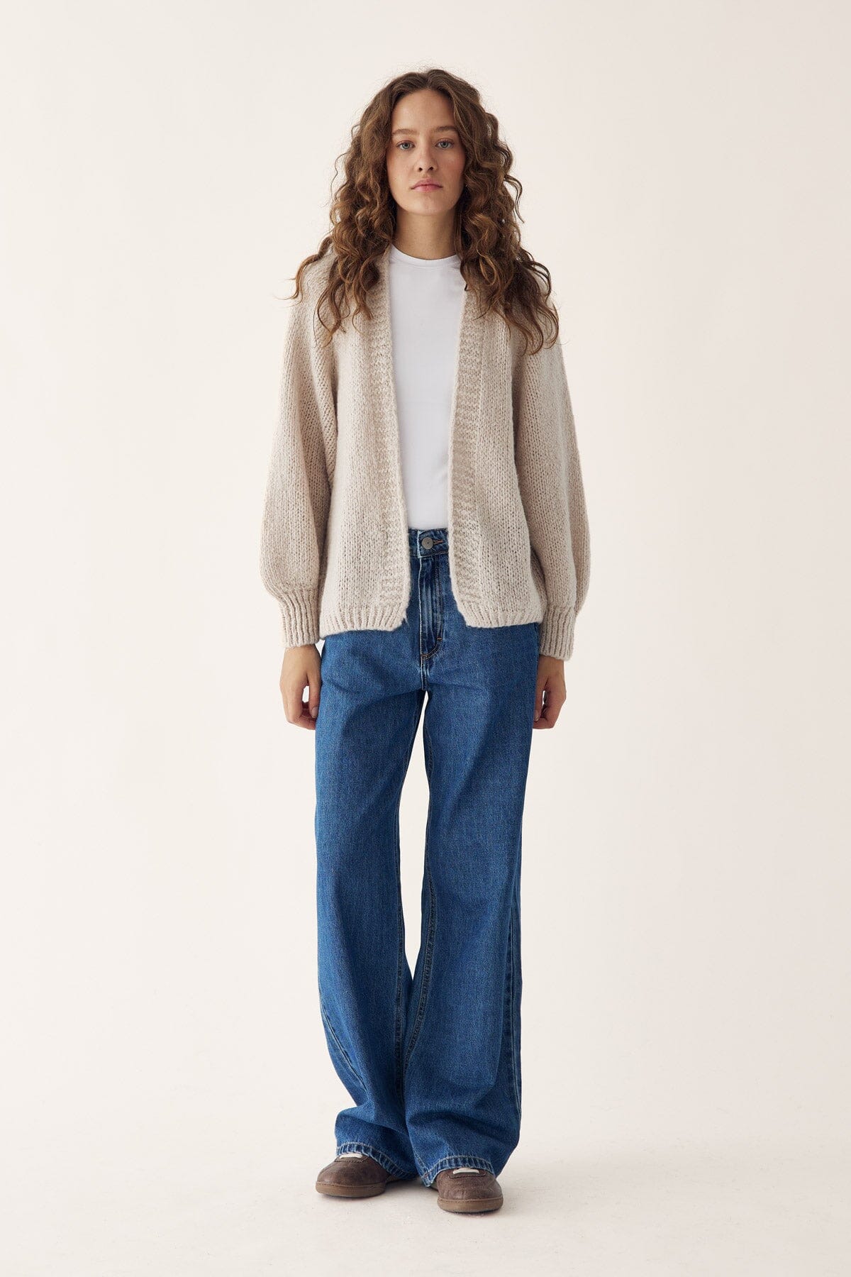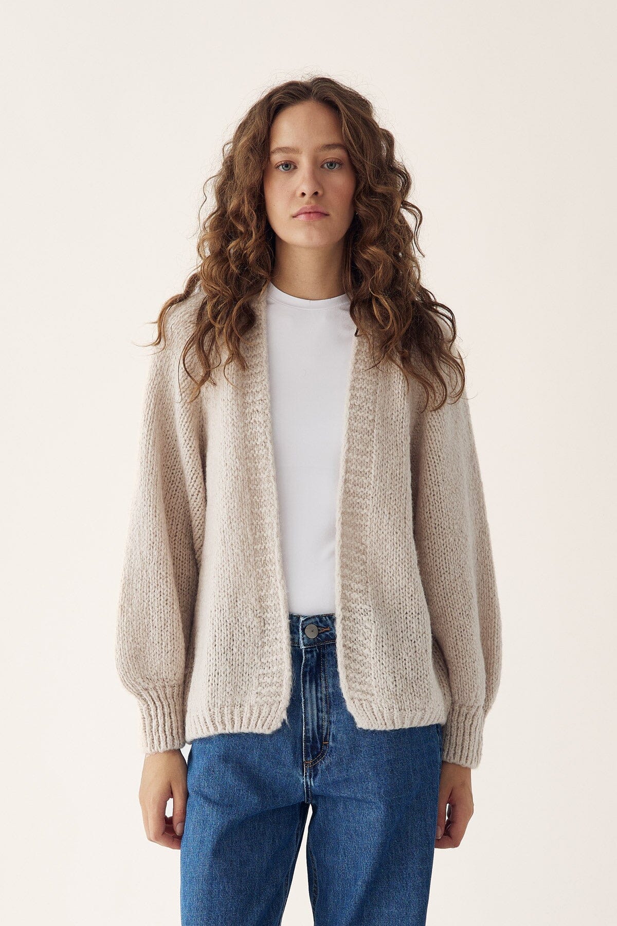 Sandfärgad cardigan från Noella med chunky stickning och V-hals. Den tjocka stickningen ger både värme och karaktär, medan den lösa passformen skapar en avslappnad silhuett.
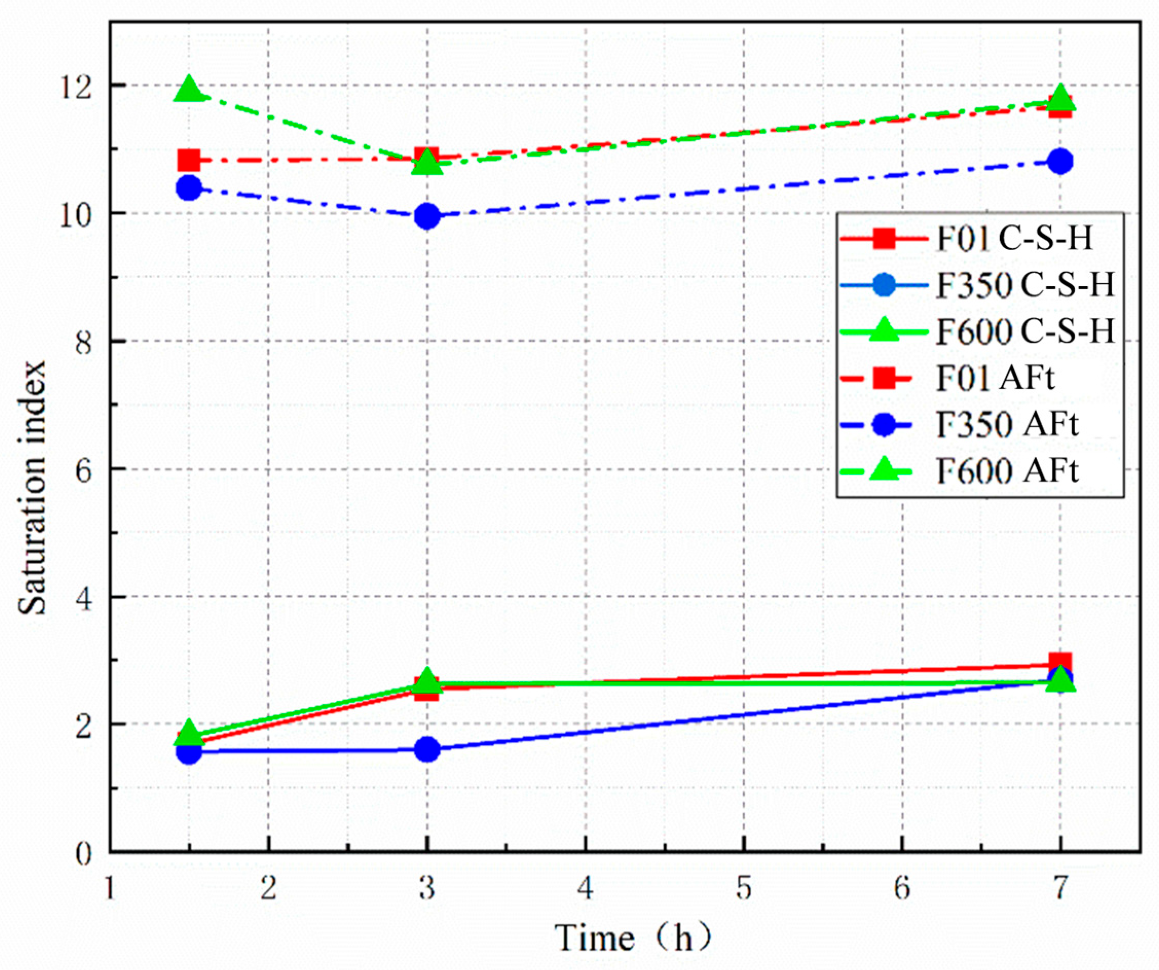 Figure 11 that compared to F01, the AFt saturation index in SSC systems with different crystal types of hard gypsum initially decreases and then increases. This indicates that the driving force for the early precipitation of ettringite first decreases and then increases, gradually increasing during the hydration decay period. Additionally, the saturation index of C-S-H gel in the calcium salt system generally shows an upward trend, indicating an increased driving force for C-S-H gel precipitation during the hydration process, making gel formation easier. The saturation index of AFt and C-S-H gel in II-U anhydrite is higher than that of the other two groups. The simulation results align with the trends observed in the heat of hydration and thermogravimetric analysis. This suggests that adjusting the concentration ratio of the pore solution with II-U anhydrite can improve the precipitation efficiency of hydration products and significantly enhance the compressive strength of the system. The slow dissolution characteristic of II-U anhydrite (
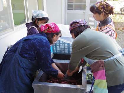 呉竹フェスタ秋で提供される焼イモ作りのために,PTAでサツマイモの準備を進めました。あたたかい日差しの中とはいえ,屋外でサツマイモを洗う作業は大変です。ありがとうございます!この後,洗ったサツマイモを包む作業は,高等部の生徒が担当します!
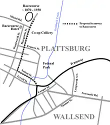 The Wallsend Races were popular. For some race days three crowded trams brought punters from the suburbs with tram-stops along the line from Newcastle to Jesmond and onto Wallsend tram terminus. The committee of Wallsend Jockey Club became motivated by a plan for a spur line to Macquarie Street (near Co-op Colliery) to 'deliver' the punters near to the racecourse.
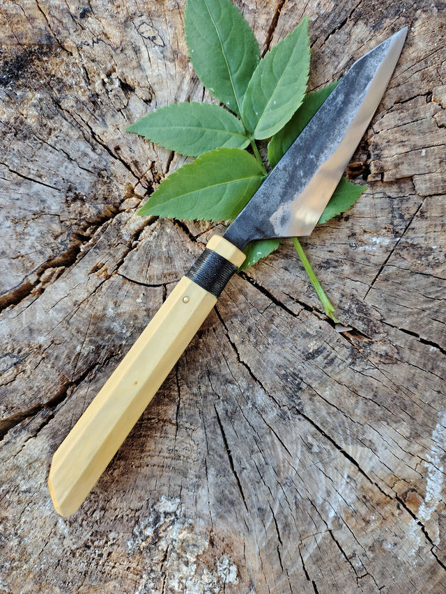 Couteau d’office finition brute de forge, acier carbone, manche en buis, ligature fil tressé polyéthylène rouge et rivet laiton.

++++++++++

▸ **About this exercise**: Restate word for word every line from the top of the entries above to the line with "呉竹フェスタ秋で提供される焼", inclusive, and skip any pictures.

▸ **Task solution**:
 Sandfärgad cardigan från Noella med chunky stickning och V-hals. Den tjocka stickningen ger både värme och karaktär, medan den lösa passformen skapar en avslappnad silhuett.
 Figure 11 that compared to F01, the AFt saturation index in SSC systems with different crystal types of hard gypsum initially decreases and then increases. This indicates that the driving force for the early precipitation of ettringite first decreases and then increases, gradually increasing during the hydration decay period. Additionally, the saturation index of C-S-H gel in the calcium salt system generally shows an upward trend, indicating an increased driving force for C-S-H gel precipitation during the hydration process, making gel formation easier. The saturation index of AFt and C-S-H gel in II-U anhydrite is higher than that of the other two groups. The simulation results align with the trends observed in the heat of hydration and thermogravimetric analysis. This suggests that adjusting the concentration ratio of the pore solution with II-U anhydrite can improve the precipitation efficiency of hydration products and significantly enhance the compressive strength of the system. The slow dissolution characteristic of II-U anhydrite (
 呉竹フェスタ秋で提供される焼イモ作りのために,PTAでサツマイモの準備を進めました。あたたかい日差しの中とはいえ,屋外でサツマイモを洗う作業は大変です。ありがとうございます!この後,洗ったサツマイモを包む作業は,高等部の生徒が担当します!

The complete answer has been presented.